Peripheral nerve stimulation (PNS) has been used for the treatment of neuropathic pain for many decades. Despite the specific indications for PNS, clinicians often have difficulty screening for candidates likely to have a good or fair outcome. Given the expense of a permanent implant, most insurance companies will not pay for the implant without a successful PNS trial. And since PNS has only recently been approved by the US Food and Drug Administration, many insurance companies will not pay for a conventional trial of PNS. The objective of this study is to describe a short low-cost method for trialing and screening patients for peripheral nerve stimulator implantation. Additionally, this study demonstrates the long-term efficacy of PNS in the treatment of chronic neuropathic pain and the relative effectiveness of this novel screening method.

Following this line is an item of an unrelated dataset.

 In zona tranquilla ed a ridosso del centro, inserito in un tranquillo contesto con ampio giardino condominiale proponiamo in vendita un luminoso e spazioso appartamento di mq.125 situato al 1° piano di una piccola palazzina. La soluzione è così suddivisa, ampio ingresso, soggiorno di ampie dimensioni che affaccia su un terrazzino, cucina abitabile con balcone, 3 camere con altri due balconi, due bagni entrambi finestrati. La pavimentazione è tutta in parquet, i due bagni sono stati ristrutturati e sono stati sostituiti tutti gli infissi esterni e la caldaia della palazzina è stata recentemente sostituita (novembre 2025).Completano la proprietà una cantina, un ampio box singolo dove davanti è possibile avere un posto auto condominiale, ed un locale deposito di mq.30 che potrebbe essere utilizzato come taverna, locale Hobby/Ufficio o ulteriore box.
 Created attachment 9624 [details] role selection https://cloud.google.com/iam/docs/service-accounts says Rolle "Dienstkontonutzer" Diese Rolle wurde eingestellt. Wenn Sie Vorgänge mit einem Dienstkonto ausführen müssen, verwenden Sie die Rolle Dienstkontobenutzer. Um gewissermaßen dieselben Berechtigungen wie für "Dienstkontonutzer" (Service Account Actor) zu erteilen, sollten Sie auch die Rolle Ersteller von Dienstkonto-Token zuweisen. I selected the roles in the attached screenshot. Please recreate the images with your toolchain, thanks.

The records of all patients who had undergone trialing and implantation of a PNS system for chronic refractory pain at the authors' institution over a 1-year period (August 1, 2012–July 31, 2013) were examined in this retrospective case series. The search revealed 17 patients, 13 who had undergone a novel in-office ultrasonography-guided StimuCath screening technique and 4 who had undergone a traditional week-long screening procedure. All 17 patients experienced a successful PNS trial and proceeded to permanent PNS system implantation. Patients were followed up for a mean duration of 3.0 years. Visual analog scale (VAS) pain scores were used to assess pain relief in the short-term (< 6 weeks), at 1 year, and at the last follow-up. Final outcome was also characterized as good, fair, poor, or bad.

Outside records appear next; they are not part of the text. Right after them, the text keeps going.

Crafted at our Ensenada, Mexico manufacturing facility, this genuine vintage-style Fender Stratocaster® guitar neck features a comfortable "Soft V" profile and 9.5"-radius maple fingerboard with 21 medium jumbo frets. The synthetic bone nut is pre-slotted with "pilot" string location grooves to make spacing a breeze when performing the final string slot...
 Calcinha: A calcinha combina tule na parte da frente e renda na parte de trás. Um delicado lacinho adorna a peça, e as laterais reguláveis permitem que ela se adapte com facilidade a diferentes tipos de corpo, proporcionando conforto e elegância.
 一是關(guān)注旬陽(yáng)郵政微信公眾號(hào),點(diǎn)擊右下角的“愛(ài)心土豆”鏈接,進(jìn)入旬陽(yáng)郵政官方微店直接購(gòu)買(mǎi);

Of these 17 patients, 10 were still using their stimulator at the last follow-up, with 8 of them obtaining good relief (classified as ≥ 50% pain relief, with an average 81% reduction in the VAS score) and 2 patients attaining fair relief (< 50% relief but still using stimulation therapy). Among the remaining 7 patients, the stimulator had been explanted in 4 and there had been no relief in 3. Excluding explanted cases, follow-up ranged from 14 to 46 months, with an average of 36 months. Patients with good or fair relief had experienced pain prior to implantation for an average of 5.1 years (range 1.8–15.2 years). A longer duration of pain trended toward a poorer outcome (bad outcome 7.6 years vs good outcome 4.1 years, p = 0.03). Seven (54%) of the 13 patients with the shorter trial experienced a good or fair outcome with an average 79% reduction in the VAS score; however, all 4 of the bad outcome cases came from this group. Three (75%) of the 4 patients with the longer trial experienced a good or fair outcome at the last follow-up, with an average 54% reduction in the VAS score. There was no difference between the trialing methods and the proportion of favorable (good or fair) outcomes (p = 0.71).


Short, ultrasonography-guided StimuCath trials were feasible in screening patients for permanent implantation of PNS, with efficacy similar to the traditional week-long screening noted at the 3-year follow-up.